Official course description, subject to change:
Preliminary info last published 17/05-21

Machine Learning

Course info
Language:
English
ECTS points:
15
Course code:
BSMALEA1KU
Participants max:
97
Offered to guest students:
yes
Offered to exchange students:
yes
Offered as a single subject:
yes
Price (single subject):
21250 DKK (incl. vat)
Programme
Level:
Bachelor
Programme:
BSc in Data Science
Staff
Course semester
Semester
Efterår 2022
Start
29 August 2022
End
30 December 2022
Exam
Exam type
ordinær
Internal/External
ekstern censur
Grade Scale
7-trinsskala
Exam Language
GB
Abstract
This course gives a fundamental introduction to machine learning (ML) with an emphasis on statistical aspects. In the course, we focus on both the theoretical foundation for ML and the application of ML methods.
Description

The course enables students to analyse machine learning algorithms, implement abstractly specified machine learning methods in an imperative programming language, modify machine learning methods to analyse practical datasets, and convey the results.

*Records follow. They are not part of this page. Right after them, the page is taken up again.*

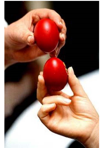
Ποιος θα κερδίσει φέτος στο τσουγκρίσμα των αυγών;

Αναπολώντας όλα όσα κά- ναμε τις περασμένες χρο- νιές, ελπίζουμε ότι το επό-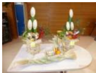
大きなしめ縄や門松などの正月飾りをいただきました。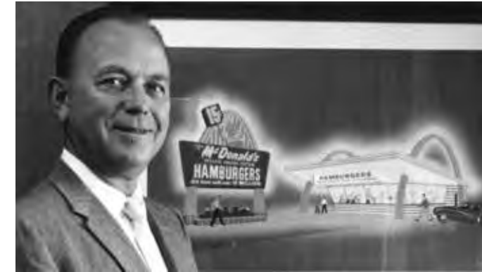
► Raymond A. Kroc (1902 – 1984)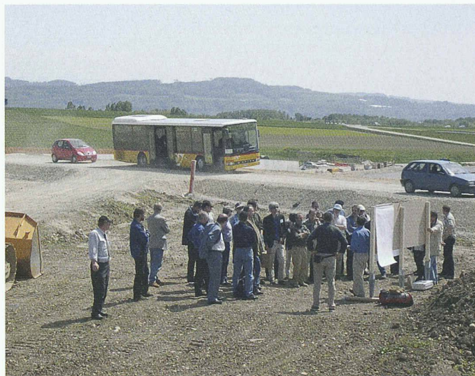
Wo in der Umgebung von Onnens heute noch offene Wunden klaffen, soll der einst ein traditioneller Baumgarten mit alten Hochstammsorten wachsen

Diese Autobahn führt durch eine schöne, landwirtschaftlich intensiv genutzte, alte Kulturlandschaft und durchschneidet Gebiete mit einer reichen Pflanzen- und Tierwelt. Ihr Bau ist ein grosser und bleibender Eingriff. Ein solcher Verkehrsweg trennt unbarmherzig die Pflanzenwelt sowie die lokalen Verkehrsnetze der Bewohner und der Tiere, die die Landschaft wie Spinnennetze überziehen. Aus den Erfahrungen früher erstellter Autobahnteilstücke haben Behörden und Planer gelernt, wie sie die Beeinträchtigungen verringern können.

The course gives an overview of fundamental concepts and reasoning behind machine learning methods, based especially on a probabilistic and decision-theoretic framework. Further, we discuss a broad range of classical machine learning methods such as 

  • Linear models for regression and classification
  • Neural networks
  • Kernel methods
  • Mixture Models and EM
  • Ensemble methods
  • Decision trees
Formal prerequisites

The course is mandatory for third semester in the BSc in Data Science and assumes students to have followed the courses Applied Statistics and Linear Algebra and Optimisation, or something equivalent.

Some prior experience with Python will also be assumed.

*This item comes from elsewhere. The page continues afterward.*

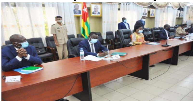
Une vue des membres du Conseil scientifique

Elle n'a pas manqué de les exhorter à poursuivre avec professionnalisme leur mission pour une lutte efficace contre ce virus invisible et mortel.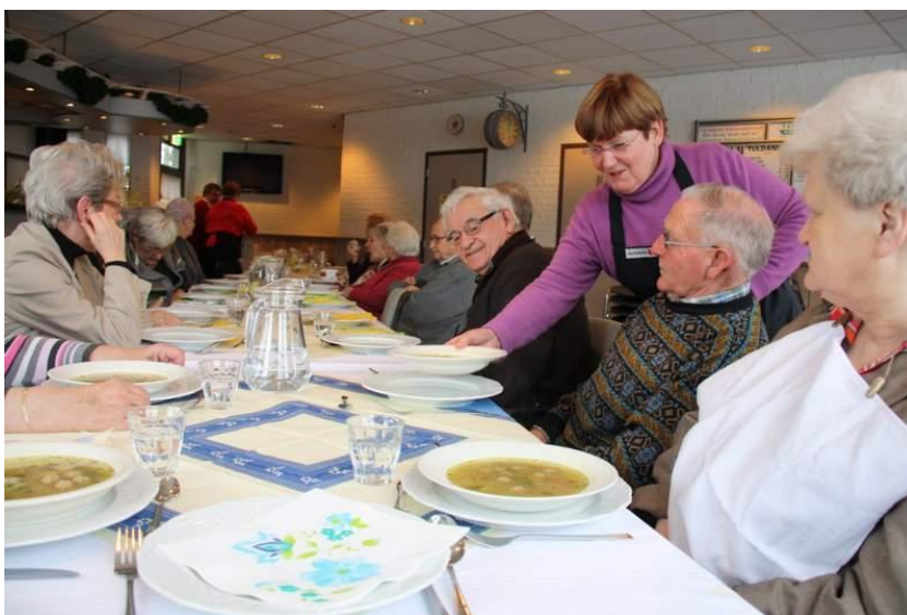
Vrijwilligster serveert de soep in de kantine.

Intended learning outcomes

After the course, the student should be able to:

  • Discuss, clearly explain, and reflect upon central machine learning concepts and algorithms.
  • Choose among and make use of the most important machine learning approaches in order to apply (match) them to practical problems.
  • Implement abstractly specified machine learning methods in an imperative programming language.
  • Combine and modify machine learning methods to analyse practical dataset and convey the results.
Ordinary exam
Exam type:
D: Submission of written work with following oral, External (7-point scale)
Exam variation:
D2G: Submission for groups with following oral exam supplemented by the submission. Shared responsibility for the report.